Two of the town watchmen handed the clerk a small chest, which he lifted to the table and opened.
“Look here, witch,” he said. “All these are things we found in your house. What have you to say about them?”
To the astonishment of Jakob Schreevogl and the others he produced a small bag out of the chest, poured some dark brown seeds into his hand and showed them to the witnesses. The stovemaker’s son took a few between his fingers. They smelled slightly of rotting flesh and their shape somewhat resembled caraway seeds.
“Henbane seeds,” said the court clerk, as if he was delivering a lecture. “An important ingredient of the flying salve that witches spread on their broomsticks.”
Jakob Schreevogl shrugged. “My father also used it to flavor his beer, and you aren’t going to describe him, God rest his soul, as a sorcerer.”
“Are you blind?” hissed Lechner. “The proof is clear. Here!” He held up a spiny capsule that looked something like a chestnut. “A thorn apple! Also an ingredient for the witches’ salve, and also found at Stechlin’s house. And here!” He showed them a bunch of small white flowers. “Hellebores! What they call Christmas roses! Freshly gathered. Also a witches’ herb!”

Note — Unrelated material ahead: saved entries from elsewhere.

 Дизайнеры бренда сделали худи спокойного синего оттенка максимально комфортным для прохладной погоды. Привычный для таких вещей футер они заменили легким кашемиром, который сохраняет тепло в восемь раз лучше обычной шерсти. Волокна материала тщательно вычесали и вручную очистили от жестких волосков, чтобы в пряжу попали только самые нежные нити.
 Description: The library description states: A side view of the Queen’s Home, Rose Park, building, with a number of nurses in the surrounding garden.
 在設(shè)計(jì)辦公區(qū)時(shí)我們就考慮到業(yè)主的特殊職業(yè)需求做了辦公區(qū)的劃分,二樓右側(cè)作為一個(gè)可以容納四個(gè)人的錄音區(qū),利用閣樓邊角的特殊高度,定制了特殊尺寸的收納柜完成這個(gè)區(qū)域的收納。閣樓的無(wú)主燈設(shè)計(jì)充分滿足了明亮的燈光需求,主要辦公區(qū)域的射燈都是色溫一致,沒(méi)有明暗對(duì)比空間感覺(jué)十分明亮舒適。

“Excuse me for interrupting you,” Jakob Schreevogl broke in again. “But isn’t the Christmas rose a plant that is supposed to protect us from evil? Even our reverend parish priest recently praised it in his homily as a sign of new life and resurrection. Not for nothing does it bear the name of our Savior…”
“What are you, Schreevogl?” Georg Augustin interjected. “A witness or her advocate? This woman was with the children, and the children are dead or have disappeared. In her house we find the most devilish herbs and mixtures. She is scarcely imprisoned when the Stadel burns down and the devil stalks through our town. It all began with her, and with her it will come to an end.”

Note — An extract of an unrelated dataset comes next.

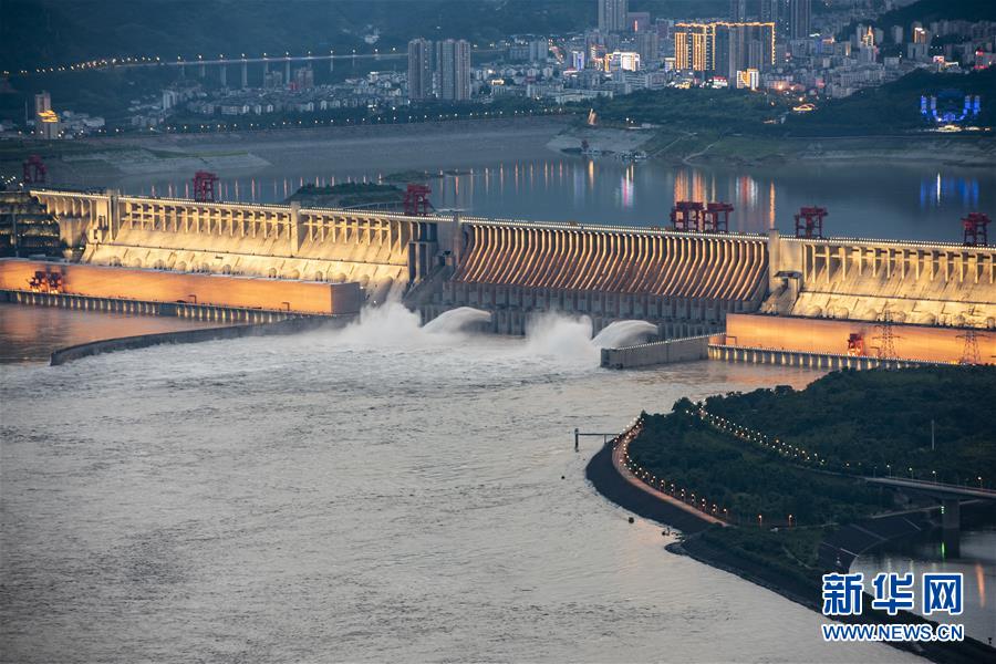 6月29日,三峽樞紐開啟泄洪孔泄洪。受長江中上游強降雨影響,進入三峽水庫的水量持續(xù)增多。為騰出一定庫容迎接近期可能到來的洪水,三峽樞紐于6月29日上午開啟兩個泄洪孔,加大下泄流量。這是三峽樞紐今年首次泄洪。28日14時,三峽水庫入庫流量達4萬立方米/秒,是27日14時的兩倍。為應對此輪來水,長江防總要求將三峽水庫下泄流量上調(diào)至日均3.5萬立方米/秒。新華社發(fā)(鄭家裕攝)

“Exactly, you’ll see in a minute,” Berchtholdt scolded. “Turn the screw tighter, then she’ll confess. The devil himself is holding his protecting hand over her. I have an elixir made from Saint-John’s-wort here…” He produced a small bottle containing a bright, blood-red liquid and held it up triumphantly. “This’ll drive the devil out. Just let me pour it down her gullet, the witch!”
“God Almighty! I don’t know who is the biggest witch here,” cried Jakob Schreevogl. “The midwife or the baker!”

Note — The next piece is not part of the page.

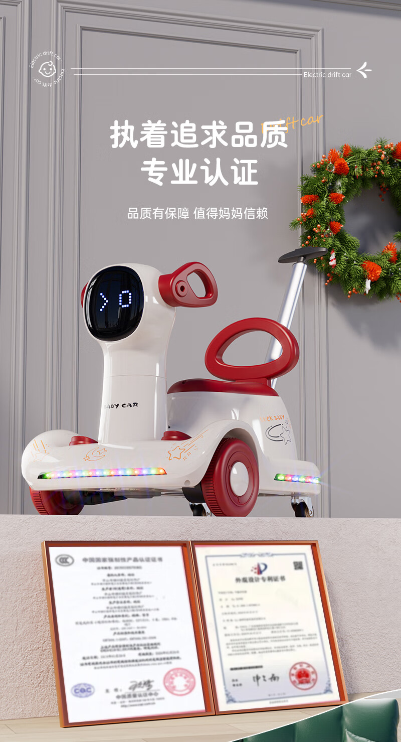 Children's electric drift car, baby toy car, can sit on one person, with remote control, baby four-wheel car, charging stroller, exclusive remote control version, mint green, 6V7 battery + remote control, dual drive + music light + push handle

“Quiet!” thundered the clerk. “It can’t go on like this. Executioner, pull her up on the rope. Let’s see if the devil will help here there too.”
Martha Stechlin appeared increasingly apathetic. Her head nodded again and again to the front and her eyeballs seemed to be turned strangely inward. Jakob Schreevogl asked himself if she was actually aware of what was happening around her. Without attempting any resistance, she let herself be pulled to her feet by the hangman and dragged to the rope that was dangling from an iron ring in the ceiling further in the rear of the cell. At the end of the rope there was a hook. The hangman attached this to the manacles with which the midwife’s arms were tied behind her back.
“Shall I tie a stone to her underneath?” Kuisl asked the court clerk. His face was remarkably pale, but otherwise he appeared calm and collected.
Johann Lechner shook his head. “No, no, we’ll try it as it is at first, then we’ll see later.”